Originally Posted by HowlerKarma
Originally Posted by intparent
I find their splitting of the intro CS classes up especially interesting. My D hadn't coded much at all before college, and it was great for her to have an intro course where she wasn't trampled by kids who had been loading Linux on their machines at age 11. And after the first semester, the tracks merge and she has done fine in her CS courses.


My DD had the same experience in her CS major-- the real problem was that there was such incredible hostility from fellow (98% male) students-- and from first year faculty advisors, who were also male and dismissive of anything resembling "well-rounded" interests.

In fact, the two different advising specialists that she saw openly SCOFFED at her interests outside of engineering/CS. She was treated like a space alien in her CS and engineering courses-- a highly desirable one, to be sure, being a Real Live Girl and all-- but it was lonely and marginalizing.

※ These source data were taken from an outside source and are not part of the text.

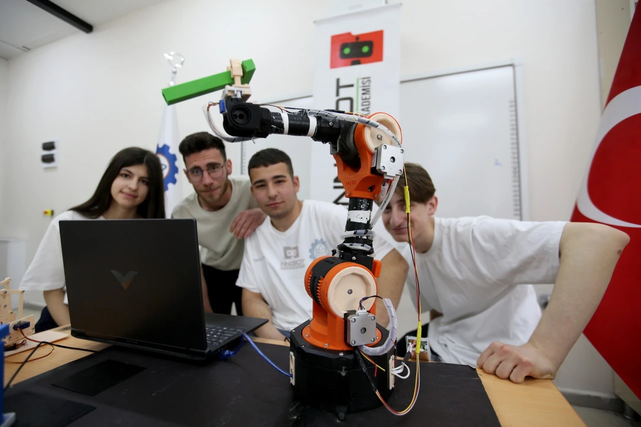 <div>Avrupa Mucitler Federasyonu Türkiye Temsilciliği bünyesindeki İnnobot Robotik Kodlama Akademisi ile Başak Fen Teknik Kolejince, renkleri ayırt ederek paketleme alanında kolaylık sağlayan Endüstriyel Robot Kol Projesi başlatıldı.</div> <div>Elektrik ve elektronik mühendisi olan Innobot Robotik Kodlama Akademisi Yazılım Öğretmeni Yusuf İzgi ve 21 öğrencisi, 4 aylık çalışma sonucu tasarladıkları endüstriyel robot kol ile 8-10 Mayıs'ta Romanya'da düzenlenen "EUROINVENT 2025 Uluslararası Buluşlar Yarışması"na katıldı.</div> <div>Vanlı öğrenciler, 42 ülkeden 127 projenin yer aldığı yarışmada ilk etapta liseliler grubunda 5 kurumdan ödül aldı. Öğrencilerin tasarladığı proje, daha sonra jüri üyelerince üniversiteliler arası klasmana çıkarıldı.</div> <div>Burada yapılan değerlendirmelerde de Vanlı öğrencilerin projesi birincilik ödülüne layık görüldü. Projede yer alan 21 lise öğrencisi de Romanya ve Belçika'daki devlet üniversitelerine "kabul" aldı.</div> <div>- "Bu sene ilk kez biz birinci olduk"</div> <div>İzgi, AA muhabirine, yarışmaya davet alır almaz projeyi geliştirme çalışmasına başladıklarını söyledi.</div> <div>Yarışmaya 42 ülkeden 127 takımın katıldığını belirten İzgi, şunları kaydetti:</div> <div>"İlk etapta inovasyon ve yaratıcılık kategorisinde liseliler grubunda yarıştık ve 5 farklı kurumdan ödül aldık. Jüri üyeleri sanayi alanında kullanılacak pratik bir robot kol gördükleri için çok şaşırmışlardı. Bizi üniversiteliler arası değerlendirmeye kabul ettiler. Bu yarışmada 9 yıldır Moskova Üniversitesi birinci oluyormuş. Bu sene ilk defa biz birinci olduk. Çok heyecanlıyız. Bu başarının sonucunda 2 farklı üniversiteden toplam 21 öğrencinin kabulünü aldık. Öğrencilerimiz Belçika ve Romanya'da devlet üniversitelerinde okuyabilecekler. Bu proje sayesinde gerçekleşti."</div> <div>Projenin çok fazla işçiye ihtiyaç duyulmadan kargolama ve paketleme alanında kullanılabildiğini anlatan İzgi, şu bilgileri verdi:</div> <div>"İki farklı yazılım dili kullandık; Arduino ve Python. Pythonda görüntü işleme kısmını yapıyoruz. 3 farklı rengimiz var; mavi, kırmızı ve yeşil. Kamera bu 3 rengi ayırt ettikten sonra robot kolun eksenlerine komut gönderiyor. Bu komutlar sayesinde robot kol hareket ediyor. Mavi parçayı algıladıysa alıp ilgili bölmeye, kırmızı parçaysa alıp ilgili bölmeye yerleştiriyor ve bu şekilde devam ediyor. İlerleyen zamanda renkten ziyade barkot sistemine dönüştürmeyi planlıyoruz. Projemizi kargo şirketlerinin kullanımına sunmayı hedefliyoruz."</div> <div>İzgi, kargo şirketlerinde zamanın çok önemli olduğunu dile getirerek, "Ülkemizde benzer cihazlar var ama hepsinin kullanıldığı alanlar farklı. Bizim farklılığımız yazılım, yani görüntü işleme kısmı oluyor. Görüntü işleme sayesinde mekanik kısmına komut gönderebiliyoruz. Araba sektöründe robot kollar kullanılıyor ancak hazır parçayı alıp yerleştiriyor. Yani yazılımında bir değişiklik olmuyor. Bizim en büyük avantajımız, kendi kendine karar verebiliyor ve parçayı nereye koyarsak koyalım yeni yazılım istemeden bunu hesaplıyor, ölçüyor, ona göre alıp yerleştirebiliyor." diye konuştu.</div> <div>- "Avrupa'nın en büyük yarışması"</div> <div>Avrupa Mucitler Federasyonu Türkiye Temsilcisi Prof. Dr. Mehrdad Fojlaley de Türkiye'yi ve Van'ı bu büyük ve prestijli yarışmada temsil eden öğretmen ve öğrencilerle gurur duyduğunu belirtti.</div> <div>"EUROINVENT 2025"in 17'nci yarışmasının Romanya'nın Yaş (Laşi) kentinde yapıldığını bildiren Fojlaley, "Öğrencilerimiz robot kol projesiyle birincilik ödülüne layık görüldü. Bu yarışma, Avrupa'nın en büyük yarışması. Romanya'da ilgili bakanlığın himayesinde gerçekleşti. Tüm Avrupa ülkelerinden katılım sağlandı. Öğrencilerimiz büyük başarıya imza attı, hepsini tebrik ediyorum." açıklamasında bulundu.</div> <div>Öğrencilerden Taha Demir ise ülkeye ve Van'a böyle başarı getirdikleri için çok mutlu ve gururlu olduklarını dile getirdi.</div> <div>Projede yer aldığı için mutlu olduğunu belirten Edanur Karaçavuşoğlu, büyük başarı elde ettiklerini kaydederek, kendilerine destek veren herkese teşekkür etti.</div> <div>Okul Müdürü Mustafa Kemal Özvan da öğrencileri ve öğretmenleriyle gurur duyduklarını ifade ederek, "Yusuf hocamız ve öğrencilerimiz, okulumuzun ve Van'ın başarısını Avrupa'ya taşıdı. Hepsine teşekkür ederiz. Bizi ve Van'ı mutlu ettiler. Bu başarı bütün gençlerimizi, Van'daki öğrencilerimizi motive edecektir." ifadelerini kullandı.</div> <div></div> <div>(AA)</div>
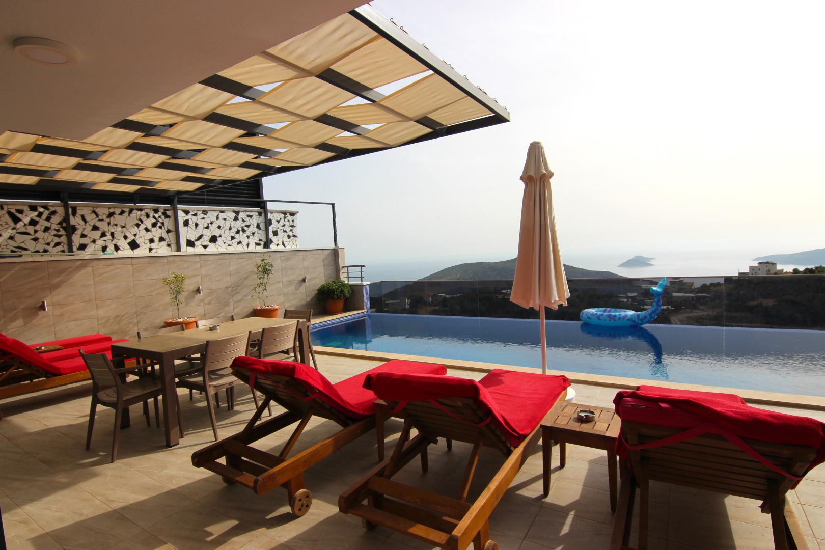 Villa Zaza, Kalkan’ın eşsiz deniz manzarasına karşı, lüks ve konforu bir araya getiren harika bir tatil villasıdır. 6 kişilik kapasitesiyle aileler ve arkadaş grupları için ideal olan villa, ısıtmalı kapalı havuz, sauna, jakuzi ve çeşitli eğlence alanlarıyla unutulmaz bir tatil sunar. Modern tasarımı, geniş yaşam alanları ve deniz manzaralı konumu sayesinde huzurlu bir ortamda keyifli bir deneyim sağlar.
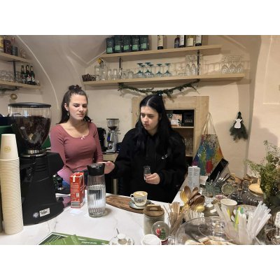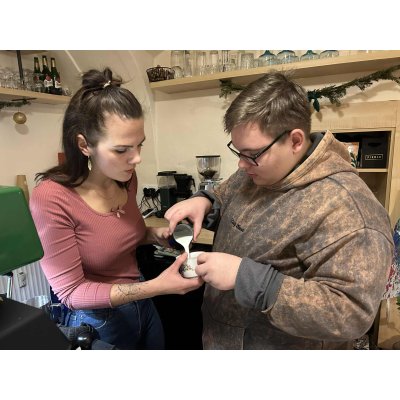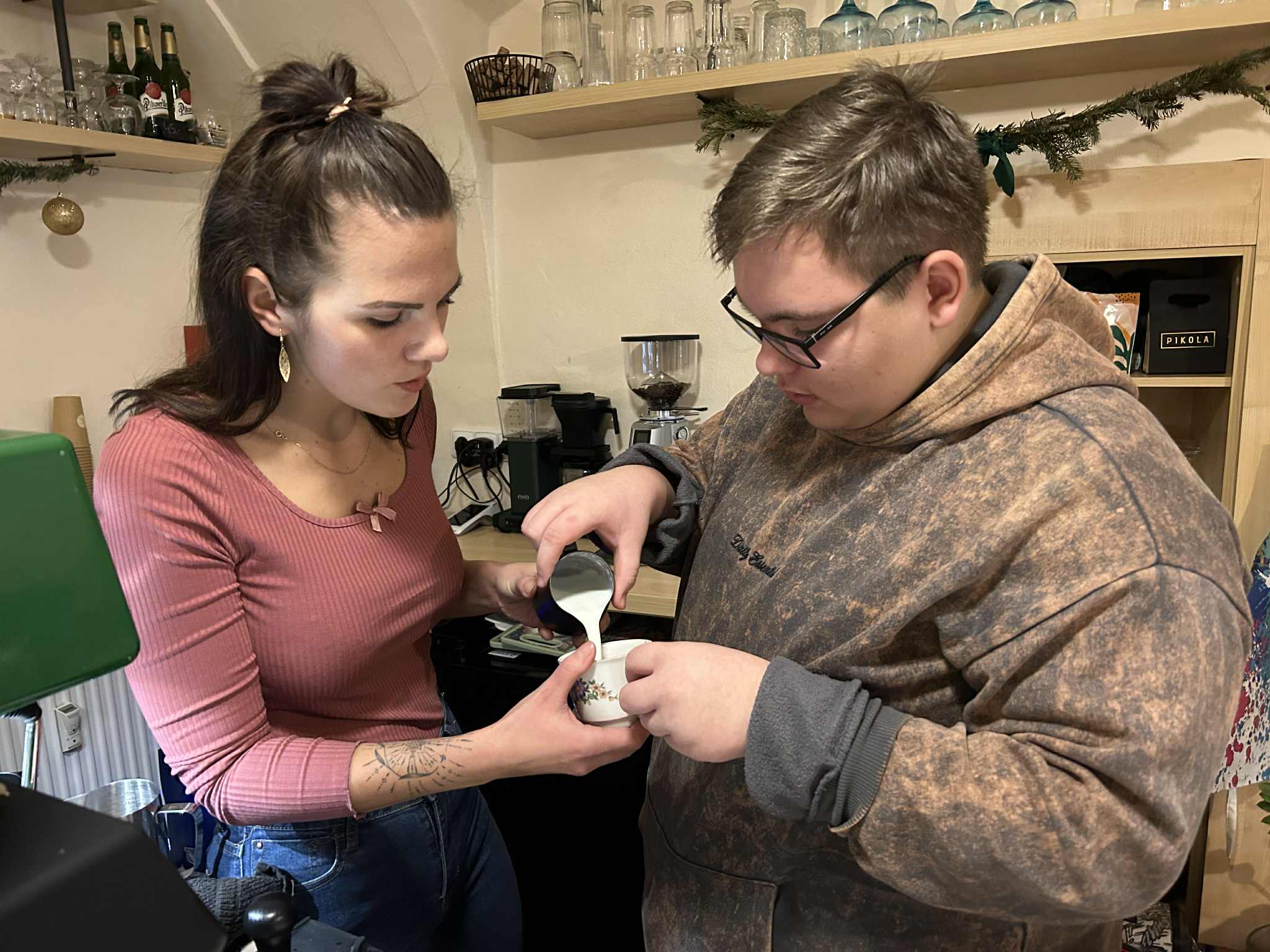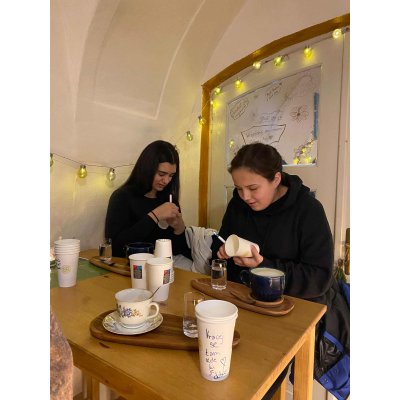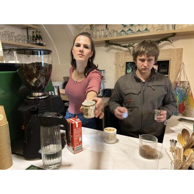 Třída KČ 2 se vydala na exkurzi do Joy’s RC kavárny v židovské čtvrti v Třebíči – a rozhodně to nebyla jen obyčejná návštěva. Celý prostor voněl kávou, mléčnou pěnou a novými zážitky
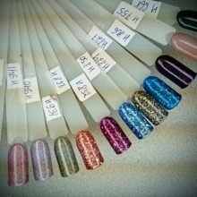 L'art de les ungles amb brillantor en tons 116, 127, 276 o 416 ajudarà a brillar a la imatge d'una diva secular. No 027: una ombra de pruna molt pigmentada i densa amb micro-espurneres, 095 - pruna fosca amb un brillantor. I per a una manicura més neutra, és adequat el número 037: sorra amb purpurina.
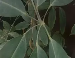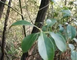 常绿乔木,高约15米,叶、枝及树皮干时几不具芳香气。枝条及小枝褐色,圆柱形,无毛。叶对生或近对生,卵圆形至长圆状卵圆形,长8-11(14)厘米,宽4-5.5(9)厘米,先端锐尖,基部圆形,革质,上面鲜时绿色,干时灰绿色,光亮,下面近同色,晦暗,两面无毛,具离基三出脉,侧脉自叶基约1厘米处生出,近叶片3/4处渐消失或不明显网结,有时近叶缘一侧各有一条附加的侧脉,细脉两面明显,呈浅蜂巢状网结;叶柄长约1.5厘米,腹凹背凸,红褐色或褐色。
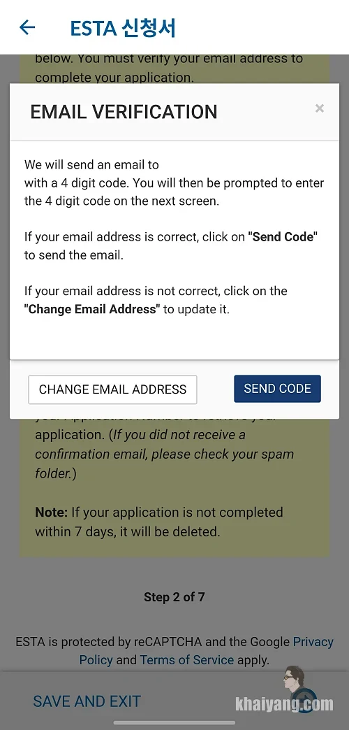 이메일 인증하는 부분이 있는데 사용하시는 이메일을 입력하고 이메일 주소가 맞으면 SEND CODE 버튼을 누릅니다.

It was such a huge turn-off that my DD just couldn't take anymore of it and bailed on the major. She looked around and realized that if that was who she was going to be spending all of her time with-- no thanks.
This is so disheartening. I was pleased as punch to find out a classmate of DS's was going to on of Intel's 'Girls Who Code" summer program this summer. It really sounds like a great program. There are a number of groups in the Bay Area that are really trying to get women back into coding. I say back into because my first programming class back in college wasn't exactly 50/50 between the sexes but it was WAY better than 2% you describe. Although being one of the few women in a class never turned me off. It seems that programming has become MORE sexist of late.

And I do know many universities are taking this problem of women not being very well represented in computer science a big problem. Part of the issue is women aren't even applying to their programs. Our local university girls in CS has been running Coding workshops for 12-18 year old's for example. I keep thinking this is something I'd like to get involved in.